The saddle was just big enough for two, but there was nothing to hold a second rider in place. “Onren,” Tané started, “if the honored Sea General finds out you let me ride with—”
“You are a rider, Tané.” Her voice was muffled by the mask. “And this is no place for rules.”
Tané pushed Ascalon into a sheath on the saddle and secured it. Her fingers were wet and icy, clumsy on the hilt. The sheath had not been made for such a long blade, but it would hold the sword better than she could. Seeing her struggle, Onren reached into one of the pouches and passed Tané a pair of gauntlets. She slipped them over her hands.
“I assume you found a way to kill the Nameless One on your travels,” Onren said.
“A scale of his chest armor is loose.” Tané had to shout to be heard over the clash of weapons and the roars of wyrms and fire. “We have to tear it off and pierce the flesh beneath with this sword.”
“I think we can manage that.” Onren gripped the horn of the saddle. “Don’t you, Norumo?”

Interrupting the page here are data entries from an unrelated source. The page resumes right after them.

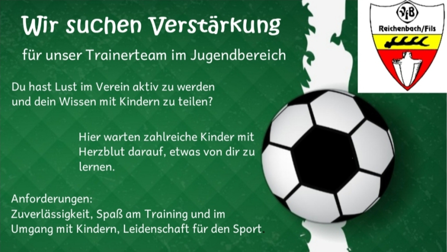 Unsere Leidenschaft zum Fussball wächst und spricht sich herum ! Die Jungs und Mädels wollen wieder kicken ! Der VfB Reichenbach möchte die Generation Corona/YouTuber wieder auf das Feld locken und tolle Momente und Kamaradschaft fördern ! Um den großen Andrang jedoch gerecht zu werden und jedem jungen Kicker und jeder jungen Kickerin die besten Möglichkeiten Rund um den Fussballsport bieten zu können - SUCHEN WIR DICH !!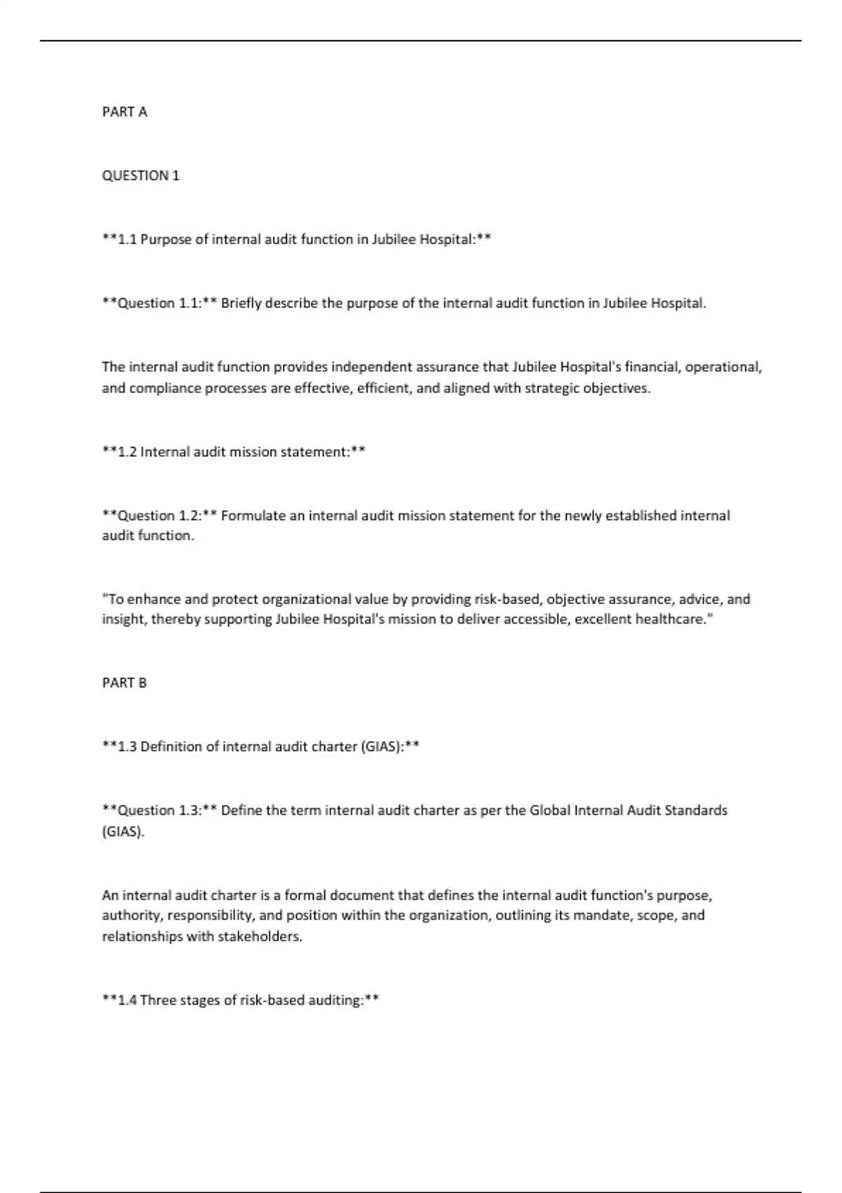 **Question 1.1:** Briefly describe the purpose of the internal audit function in Jubilee Hospital.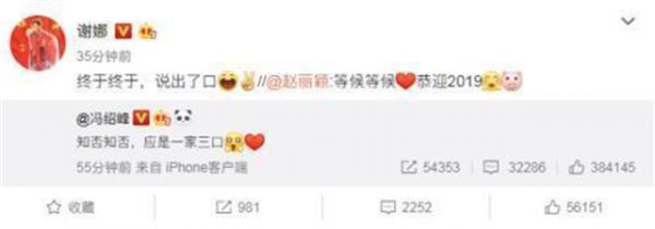 新年伊始,北京时间2019年的1月1日,冯绍峰发文正式宣布赵丽颖怀孕喜讯,更贴合热播中的跨年大剧,写道:“知否知否,应是一家三口”,赵丽颖则以“等候等候 恭迎2019”幸福回应。

Her dragon hissed his agreement. Cloud frothed from his nostrils. Tané held on to Onren, her hair flying about her face.
The Seiikinese dragons were coming together. Most of their riders held longbows or pistols. At the same time, the fire-breathers flocked to protect their master, forming an appalling swarm in front of him. Tané felt Onren freeze. After all they had learned, all they had sacrificed, none of their schooling had prepared them for this. This was war.
They were close to the front of the formation, behind the elders. The great Tukupa the Silver led the charge, with the Sea General buckled into the saddle on her back. The Imperial Dragon flew beside her, leading the Lacustrine dragons. Tané shielded her eyes against the rain, straining to see. The Unceasing Emperor was a small figure astride his fellow ruler.
Bracing herself, Tané locked her arms around Onren. With a growl, the great Norumo lowered his head.
When they hit the flock, the collision almost threw Tané from the saddle. She clung to Onren, who hacked with her sword at wings and tails while Norumo rammed his horns into anything in his path. All was uproar and thunder, screaming and death, rain and ruin. She had the short-lived sensation that this was a terrible dream.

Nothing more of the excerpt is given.